- _Supplied data_
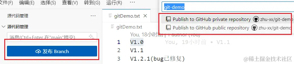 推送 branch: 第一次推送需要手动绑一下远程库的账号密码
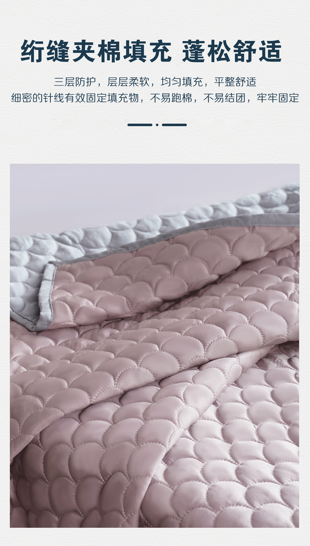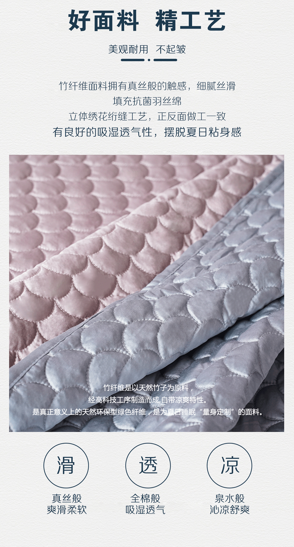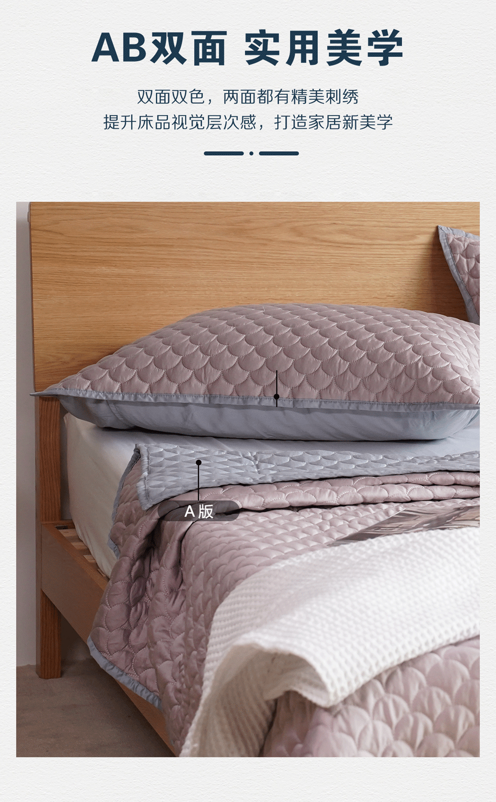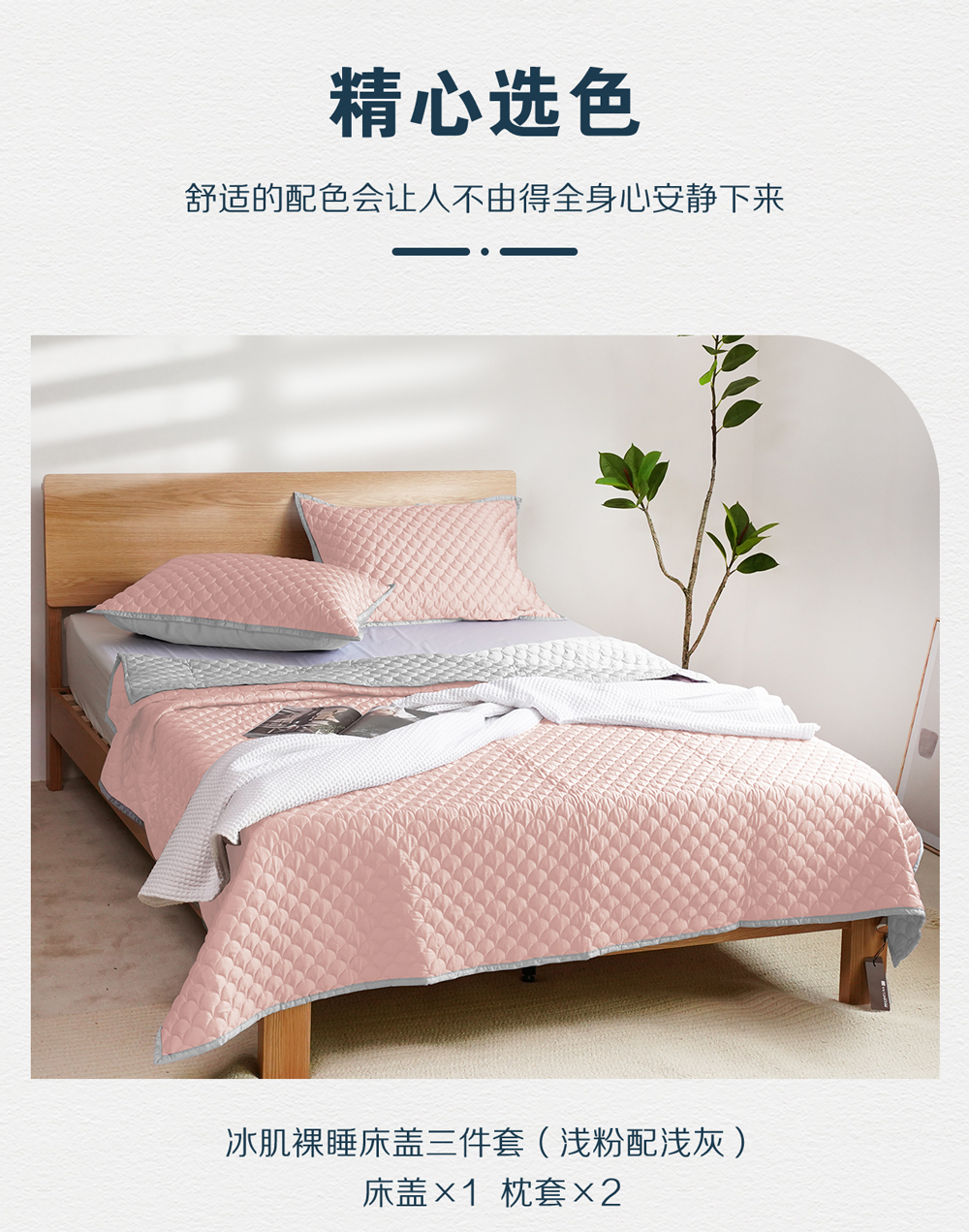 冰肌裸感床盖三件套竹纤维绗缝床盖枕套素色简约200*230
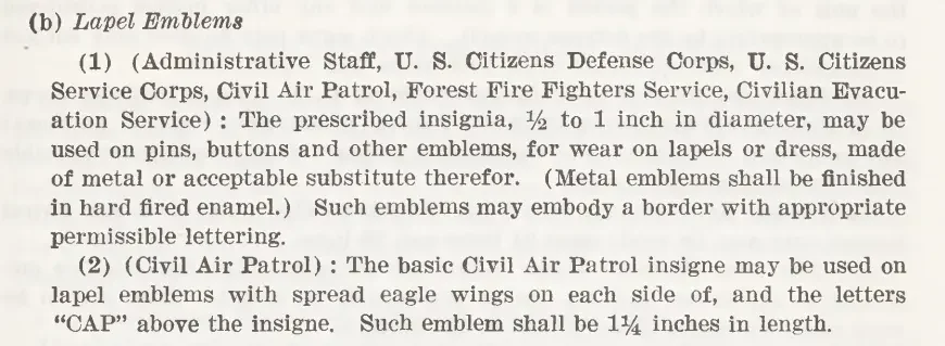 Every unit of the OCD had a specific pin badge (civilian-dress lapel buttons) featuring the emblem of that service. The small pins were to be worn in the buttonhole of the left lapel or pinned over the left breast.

* * *

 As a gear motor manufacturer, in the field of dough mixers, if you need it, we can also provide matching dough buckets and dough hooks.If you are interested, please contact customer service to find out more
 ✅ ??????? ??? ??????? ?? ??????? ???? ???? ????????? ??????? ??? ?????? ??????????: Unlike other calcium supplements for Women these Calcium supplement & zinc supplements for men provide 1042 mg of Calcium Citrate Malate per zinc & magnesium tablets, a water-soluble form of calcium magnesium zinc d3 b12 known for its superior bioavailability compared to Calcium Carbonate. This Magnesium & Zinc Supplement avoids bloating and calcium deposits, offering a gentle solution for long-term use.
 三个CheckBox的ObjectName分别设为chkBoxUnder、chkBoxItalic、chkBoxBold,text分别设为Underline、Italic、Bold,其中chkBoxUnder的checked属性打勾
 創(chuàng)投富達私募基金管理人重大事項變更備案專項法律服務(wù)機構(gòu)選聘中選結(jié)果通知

- _Instructions to follow_
When you reach the line that has "推送 branch: 第一次推送需要手动绑一下远程库的账号密码" in the data above, start repeating lines exactly, and stop after the line that has "Every unit of"; pictures stay out.

- _Solution for this exercise_
 推送 branch: 第一次推送需要手动绑一下远程库的账号密码
 冰肌裸感床盖三件套竹纤维绗缝床盖枕套素色简约200*230
 Every unit of the OCD had a specific pin badge (civilian-dress lapel buttons) featuring the emblem of that service. The small pins were to be worn in the buttonhole of the left lapel or pinned over the left breast.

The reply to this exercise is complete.